UPDATE 4 PM: The part of the tornado watch that affected counties just east and north of Roanoke has been cancelled. We await the storms overnight from the west and southwest. END UPDATE
UPDATE 1:45 PM: The central part of Virginia westward to Alleghany, Rockbridge, Botetourt, Bedford, Franklin and Henry counties (Roanoke/Roanoke County/Salem just barely notched out of it) are under a tornado watch until 8 p.m. This is for the showers/storms currently developing along the Blue Ridge that will encounter strong enough instability and wind shear to intensify through the afternoon as they move northeastward. Quoting the Storm Prediction Center in the discussion linked to the watch: “THE TORNADO THREAT IS NOT PARTICULARLY HIGH…BUT SUFFICIENT LOW LEVEL SHEAR IS PRESENT FOR A RISK OF ISOLATED SPIN UPS IN THE MOST INTENSE SUPERCELLS.” So nothing on the order of the April 16 outbreak is anticipated, but localized tornadic spinups are possible.
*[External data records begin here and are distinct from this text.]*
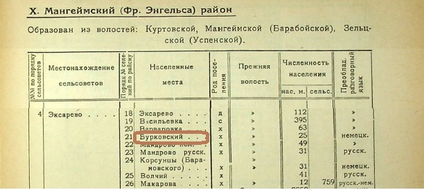 Також відомо, що у 1924 [7], 1926 роках хутір Бурківський входив до Мангеймського (Фр. Енгельського)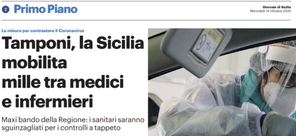 Gds: “Tamponi, la Sicilia mobilita mille tra medici e infermieri”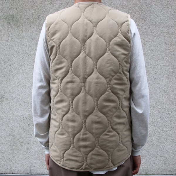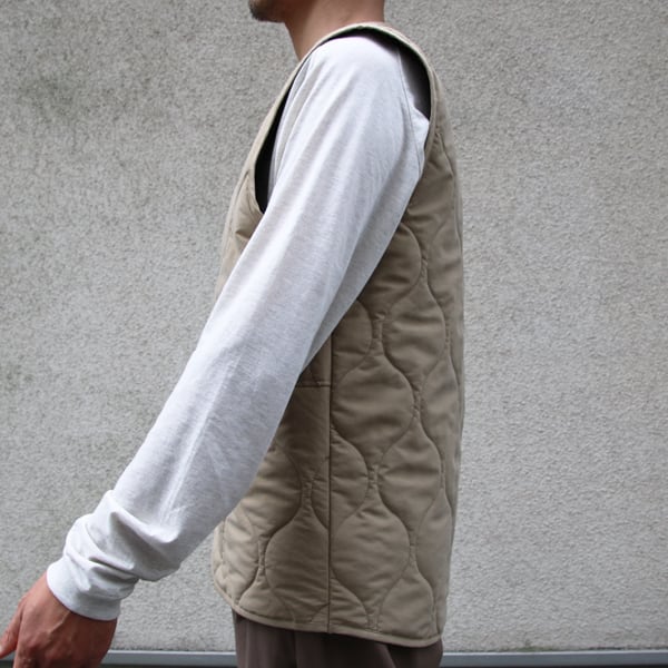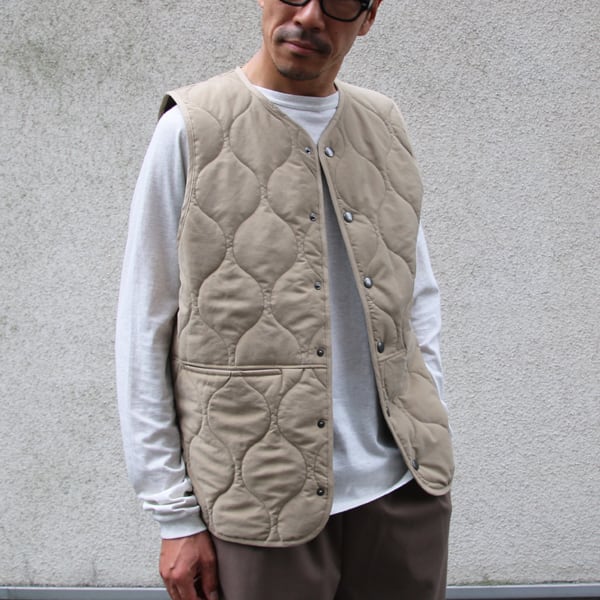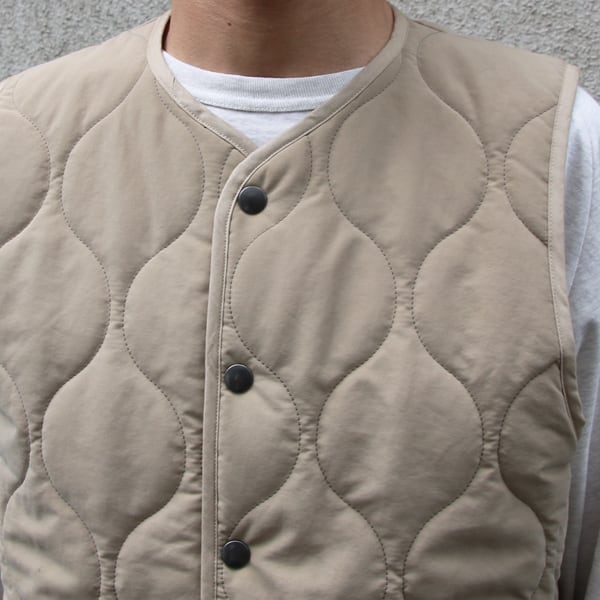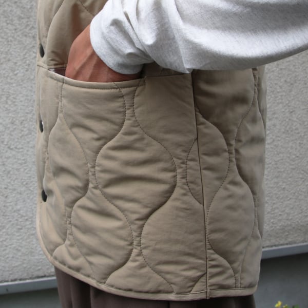 ミリタリーアウターのライナーに起用されているウェーブキルトのスナップベスト。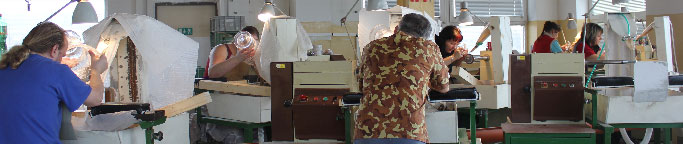 Our glass furnaces have a daily production capacity of 1.2 tons of glass, a chemical polishing facility, cutting workshops and a gilding area.Our products are exported worldwide.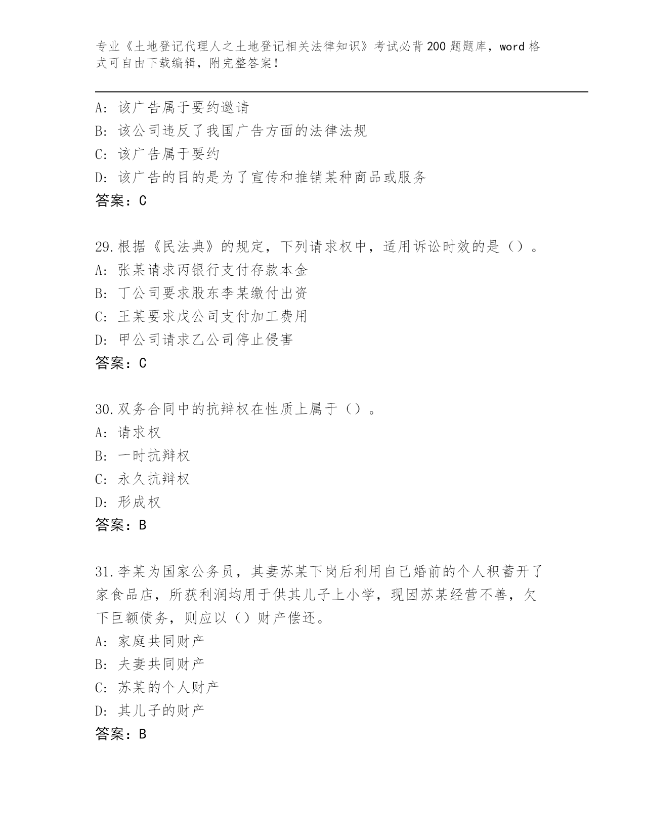 陕西省商州区2024年《土地登记代理人之土地登记相关法律知识》考试必背200题题库及答案(真题汇编)
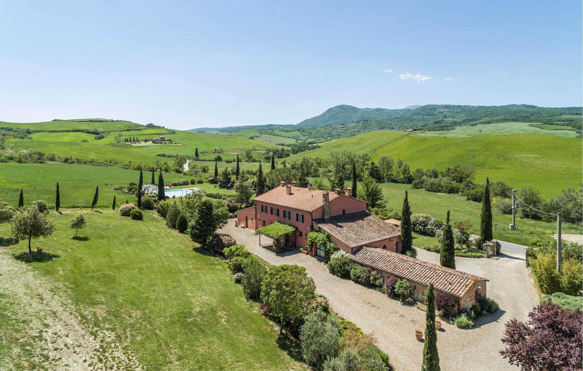 Den rummelige, velholdte ejendom med middelhavsplanter tilbyder privatliv og udstråler toscansk charme. Begynd dagene med morgenmad på terrassen, snup en frisk dukkert i den rummelige pool og tænd grillen for atmosfæriske oplevelser under stjernerne.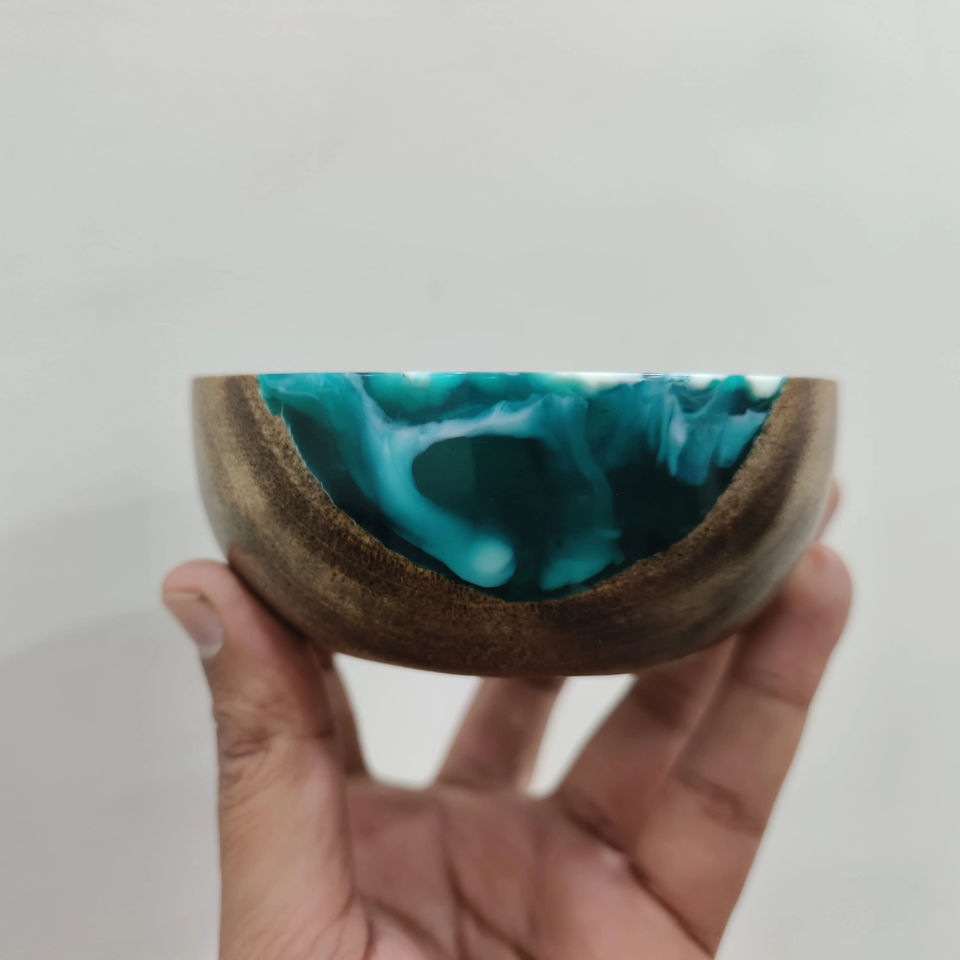 ชามลายคลื่น ชามไม้เรซิ่นทันสมัย ชามไม้สำหรับเสิร์ฟอาหาร ชามไม้ขัดเงา ชามไม้ทำมือสำหรับรับประทานอาหาร

END UPDATE
As of Tuesday night, the “moderate risk” area for severe weather on Wednesday brushes the far southwest tip of Virginia near Wise — but it covers a wide swath of territory to our west including most of Ohio, Kentucky, and Tennessee. (Click here to see the current Storm Prediction Center outlooks, due to be updated early Wednesday morning.) What is expected to transpire Wednesday is that a large number of storms and storm clusters — some left over from Tuesday’s outbreak, some newly formed during the day — will produce widespread severe weather in the moderate risk zone, including large hail, high winds and scattered tornadoes. By Wednesday evening, these storms will link into a squall line and blow through here Wednesday night with a quick jolt of gusty winds, heavy downpours, and some booming thunder. Winds at the surface are not expected to become as angled to southeast or as strong as they were when tornadoes raked the Carolinas on April 16 — more south to south-southeast — so we probably won’t have the same level of directional shear in the atmosphere we did then. There is enough shear, though, along with strong lift with the advancing front, and definitely warmth and moisture, that we need to keep a close watch on this during the day Wednesday. There may also be some more discrete storms develop ahead of the squall that will have a chance to be acted on even more by the swirling winds aloft. High winds are the major threat with Wednesday’s storms, but large hail is possible, and there probably will be at least a few tornado reports within a couple hundred miles of Roanoke on Wednesday, with a slight chance of some in a 50-mile radius. The front will push through late Wednesday night and early Thursday and return us to more typically springlike temperatures by Thursday and Friday.